One gets the impression that the team behind Tales of Arise is acutely aware of this, too. It’s hard to truly quantify, but it just feels like a game that knows it has an opportunity to evolve the series and open it up to a whole new audience – which feels like an appropriate admission, given it follows the longest gap between Tales titles in the series’ 26-year history.
Tales of Arise carries that feeling despite actually being a bit of a safe bet, truth be told. It has the energy of a new upstart vision of the series, but it doesn’t fix what wasn’t broken – which appears to be much of what tied the past titles in the series together. What Arise does instead is simply lean harder into what has typically set Tales apart – leading to a game that feels more unique for it.
In some ways, that means you will find an unabashed adherence to the genre tropes. Protagonist Alphen is an amnesiac, for instance. Obviously. You’ll band together with a wide range of characters that span all the usual RPG classes – Healers, Mages, and Monks, Paladins with great big shields. So far so typical.
What used to make Tales particularly unique was its action-driven gameplay. While that’s now not so uncommon even among Japanese RPG titles, this is where Arise presses its historical advantage most firmly, offering loud, flashy, and attention-grabbing combat that is, to a degree, style over substance – but that’s okay ‘cos it feels damn good.

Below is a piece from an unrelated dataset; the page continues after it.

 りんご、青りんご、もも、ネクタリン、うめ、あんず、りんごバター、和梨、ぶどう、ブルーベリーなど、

Enemies are out in the field, but battles still do take place in a separate game state – so there’s a transition, but in the PC build I played it was near instantaneous both heading into and exiting from battle. The switch to Unreal Engine 4 has resulted in a beautiful game with smooth performance – and it feels like much of the combat has been built around just how ridiculous it can get and just how good it can look without a dent in performance.
You control one character, but you’ll feel in full control of the entire party of characters you have at your disposal thanks to your ability to trigger skills from other characters at will. You can also dive into menus and customize AI in order to determine what degree of autonomy your allies will have in battle, ranging from simply telling them to focus on healing and defending to getting granular on what moves they should automatically use and when.

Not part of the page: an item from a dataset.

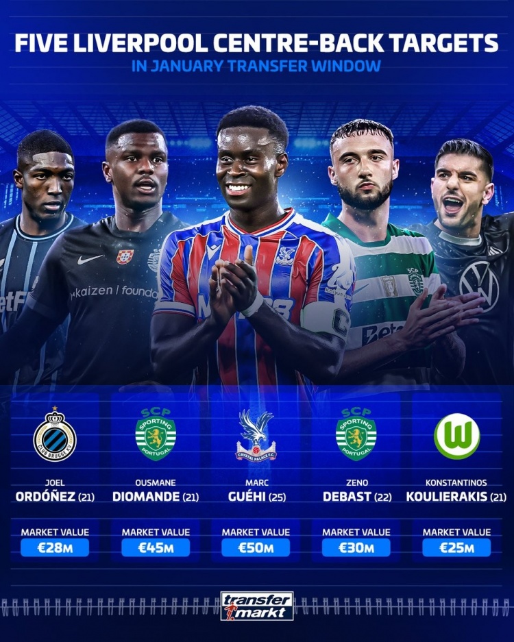 11月25日讯 利物浦在本赛季进展高开低走,瞻望将在冬窗补强中卫位置,《转会市集》也列出了他们的五大潜在绸缪及德回身价:
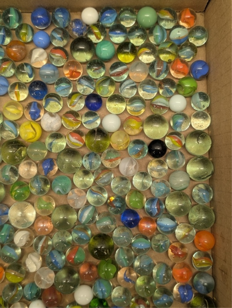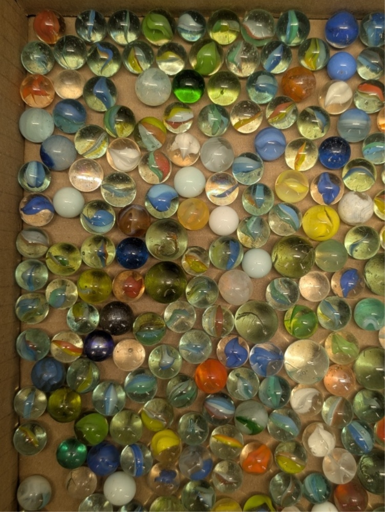 BIG GROUP OF MULTIPLE DIFFERENT COLOR AND SIZE MARBLES, GREEN, BLUE, YELLOW, WHITE AND MORE

There’s a lot of party members slated for Tales of Arise, but only three will fight with you at any given time – but others can wait out-of-sight on the sides, ready to be called in at your discretion.

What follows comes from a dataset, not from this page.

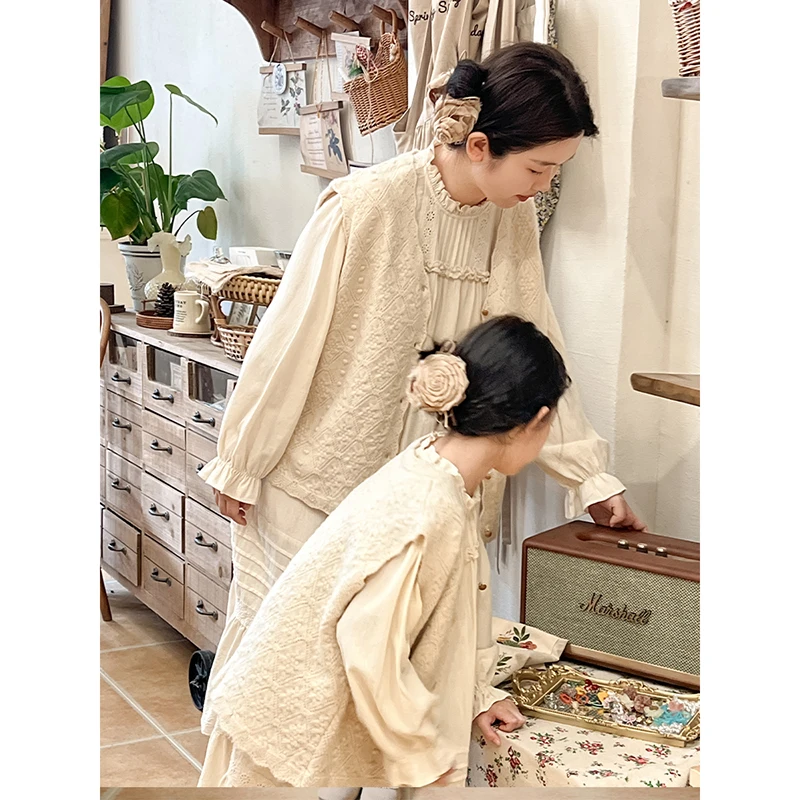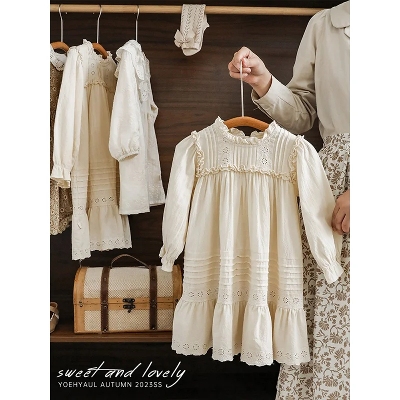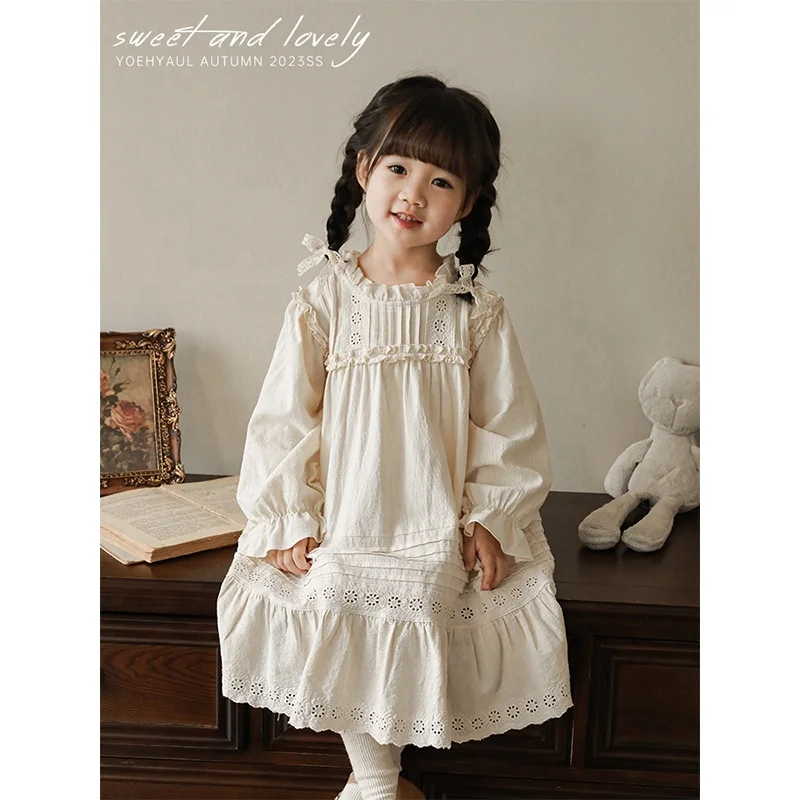 New Arrival Autumn Bohemian Style Pure Cotton Dresses Beige Hollow-out Garment Girls High Quality Wholesale Kids Girls Dress

In this and a few other ways, Tales of Arise almost begins to resemble a fighting game. Its combo-friendly battle system allows you to juggle unsuspecting enemies, holding them in mid-air while triggering ally skills to dish out delicious amounts of damage. You’ll be using Artes, the first tier of powerful skills, to blast down enemies until they enter the state where you can then trigger Strike Attacks, devastating team combos with cinematic zest.
Many special moves cut away to cinematic camera angles in a manner that’s brief enough to not feel like a loss of control but significant enough to catch attention. The inspiration of anime is obvious, and at its best Tales of Arise is an explosion of color as characters team up to blast enemies to dust.
Generally speaking you can mash your way through the simpler encounters, but once you reach the bigger bosses, you’ll need to approach everything far more carefully. Party composition seems like it’ll matter deeply, as will your overall understanding of the flashy chaos that fills the screen. It’ll be your job to enjoy that visual flair, but also parse it into data that can be used to quickly formulate a proper combat strategy.
It all looks very cool, and feels very good. There’s a story too, of course – but the demo I play is so short and what I say about it so limited that I don’t even scratch the surface of what is no doubt a lengthy epic. You’ll spend most of your time in combat, though – so it’s exciting to report that it feels so good.
I look forward to seeing the depth of the final release’s combat – and how this entry delivers on a satisfying Tales story driven by strong characterization and quieter moments, as the series has previously excelled doing.
Tales of Arise releases this September for PC, PS4, PS5, Xbox One, and Xbox Series X/S.